Segment Start: Information supplied

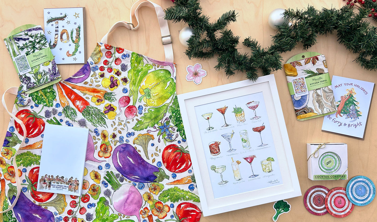 While Marcella is most well-known for her dynamic paintings of food, she brings her distinctive style and bright watercolor palette to pieces celebrating home, social justice initiatives, and all things homegrown. She aims to illuminate people and causes that deserve more of a spotlight in our ever-changing world in her personal art practice, collaborations and client projects.
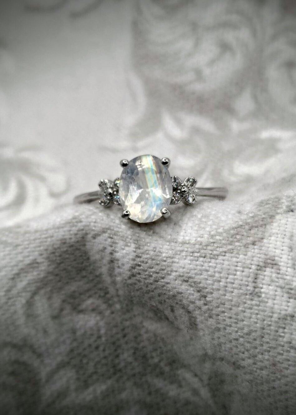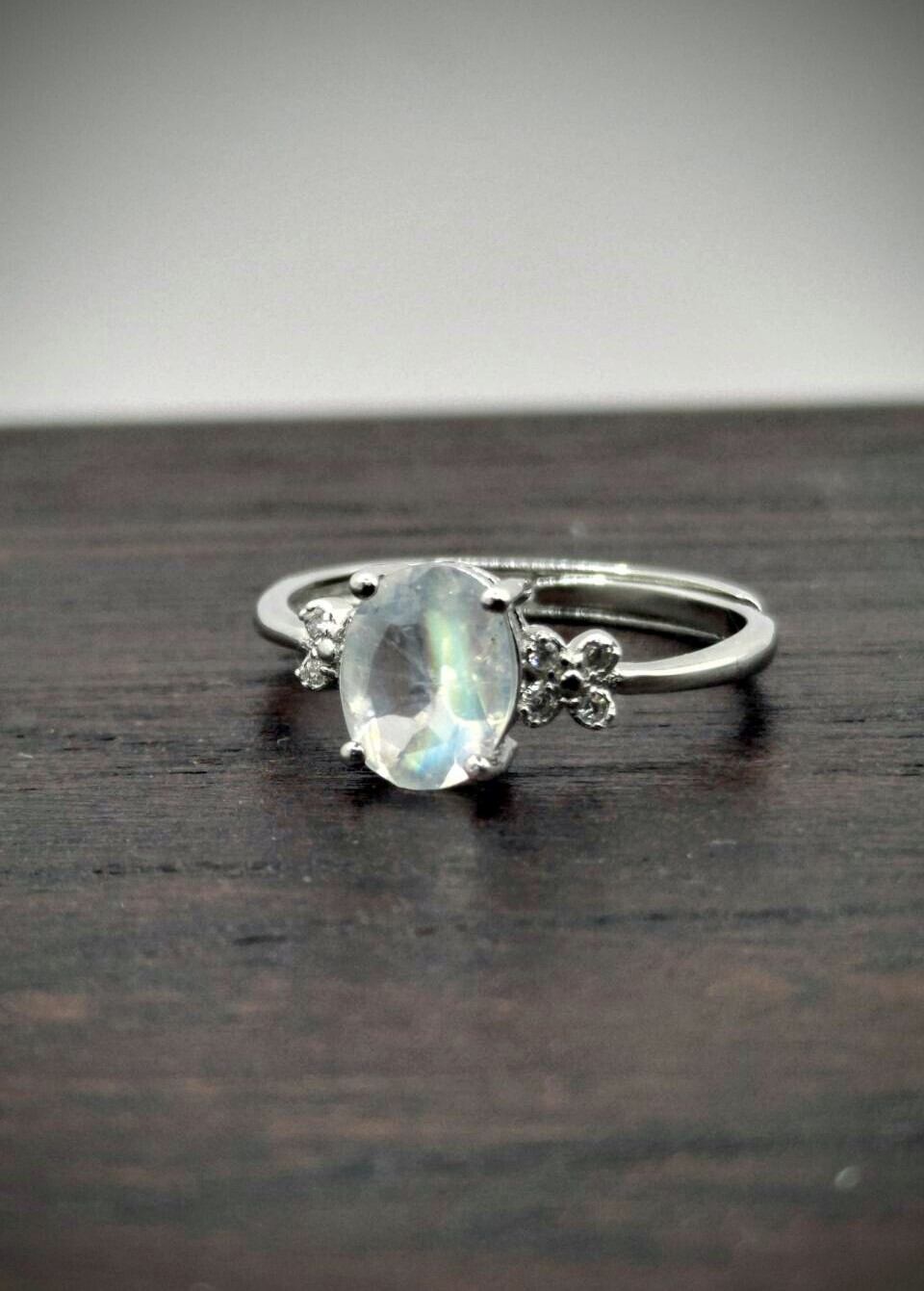 シルバー製 レインボームーンストーンリング フリーサイズ
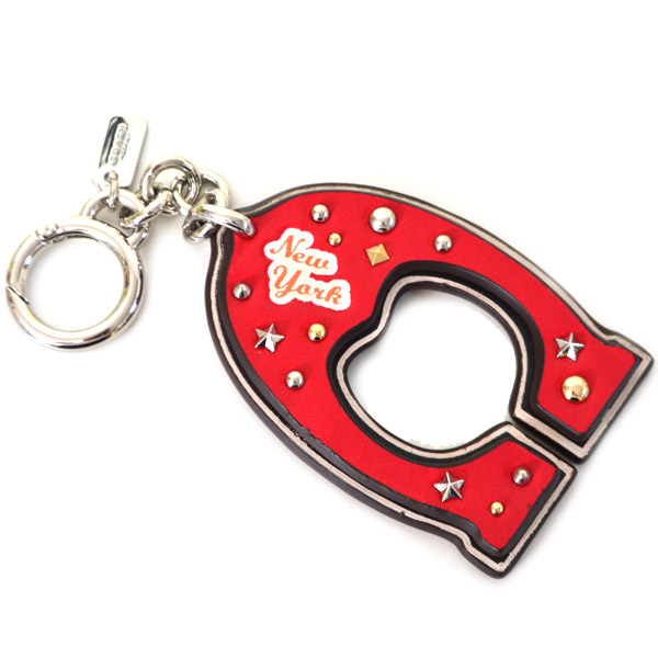 コチガルのホームキーホルダー【COACH】コーチ レザー ロゴ スタッズ ニューヨーク キーリング キーホルダー レッドマルチ(日本未発売)
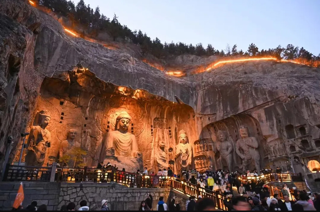 洛阳城南,伊水汤汤。2345个窟龛、近11万尊石刻造像、2800余块碑刻题记,以峭壁层阿为依托,在夹岸青山镌刻下沧桑的历史印记,这就是洛阳龙门石窟。

Segment End: Information supplied

* _The problem_
The whole listing must come back verbatim, with no pictures included.

* _Solution for this problem_
 While Marcella is most well-known for her dynamic paintings of food, she brings her distinctive style and bright watercolor palette to pieces celebrating home, social justice initiatives, and all things homegrown. She aims to illuminate people and causes that deserve more of a spotlight in our ever-changing world in her personal art practice, collaborations and client projects.
 シルバー製 レインボームーンストーンリング フリーサイズ
 コチガルのホームキーホルダー【COACH】コーチ レザー ロゴ スタッズ ニューヨーク キーリング キーホルダー レッドマルチ(日本未発売)
 洛阳城南,伊水汤汤。2345个窟龛、近11万尊石刻造像、2800余块碑刻题记,以峭壁层阿为依托,在夹岸青山镌刻下沧桑的历史印记,这就是洛阳龙门石窟。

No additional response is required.